Timber?
http://news.ft.com/cms/s/2de6146a-4c78-11d9-835a-00000e2511c8.htmlFree-floating currencies feel pain from dollar
By Steve Johnson
Published: December 12 2004 20:11 | Last updated: December 12 2004 20:11
The pain that sharp currency movements can inflict on countries with free-floating currencies was graphically illustrated in figures last week. Australia, Canada, the UK and New Zealand have been hit by fall-out from their currencies' appreciation against the US dollar. Economists scaled down expectations of interest rate rises as a result.

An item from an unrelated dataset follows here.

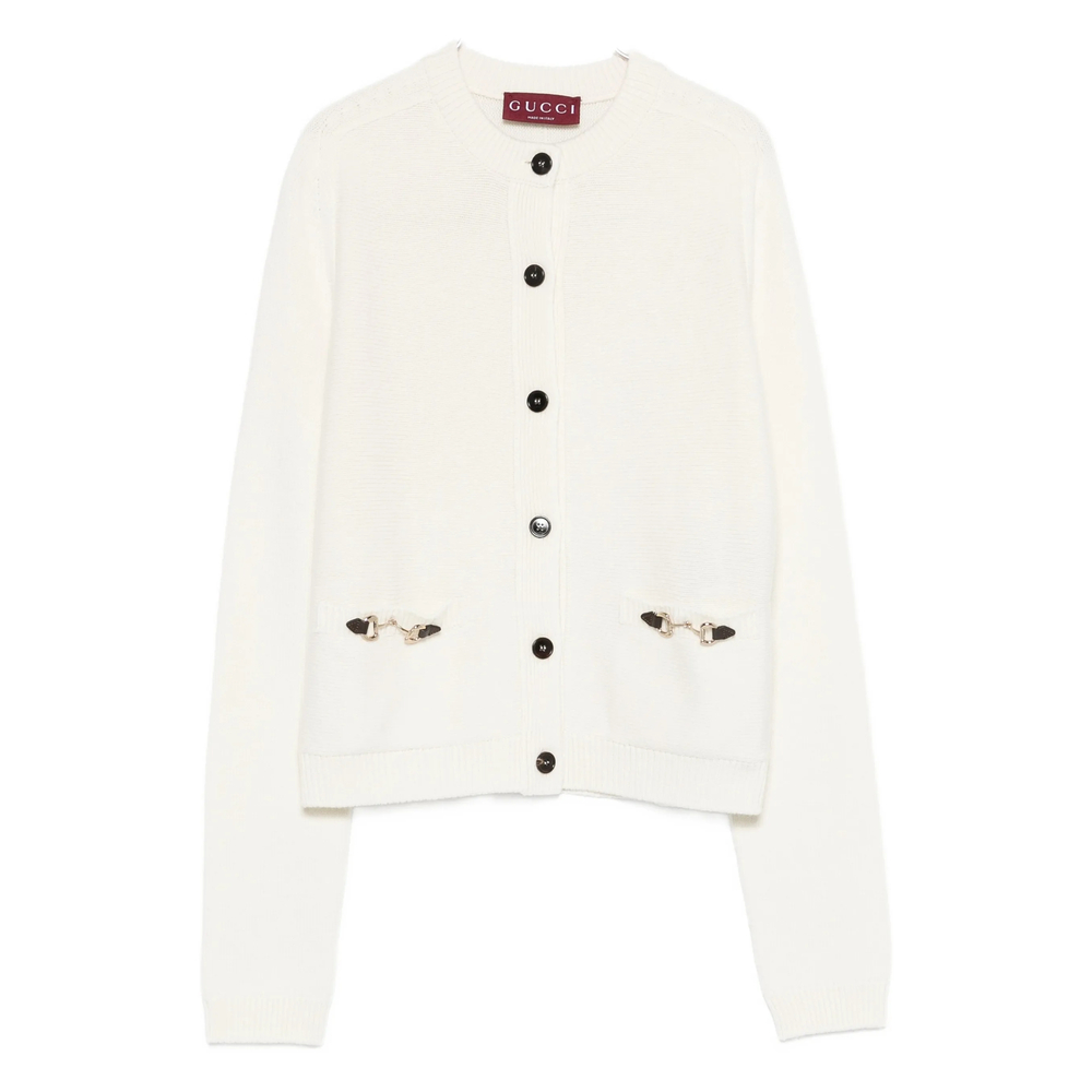 white Horsebit detail crew neck front button fastening long sleeves two pockets

Tony Norfield at ABN Amro said: "Everyone agrees the US has to adjust . . . and that will put a burden on everyone else. We have seen the first wave of that burden . . . this week."
A number of currencies are up sharply against the dollar, with the greenback weighed down by worries over the US fiscal and current account deficits and concerns that foreign central banks may diversify foreign exchange reserves out of the falling dollar.
Sterling has risen 24.1 per cent against the greenback since January 2002, with the dollars of Australia, Canada and New Zealand appreciating by 32.4, 23 and 41.1 per cent respectively. The euro has risen 33.2 per cent, threatening the eurozone's export-led recovery.
With Asian countries such as China, South Korea, India and Japan running dollar pegs or intervening to limit currency appreciation, nations with free-floating currencies have lost competitiveness against some of the world's largest exporters.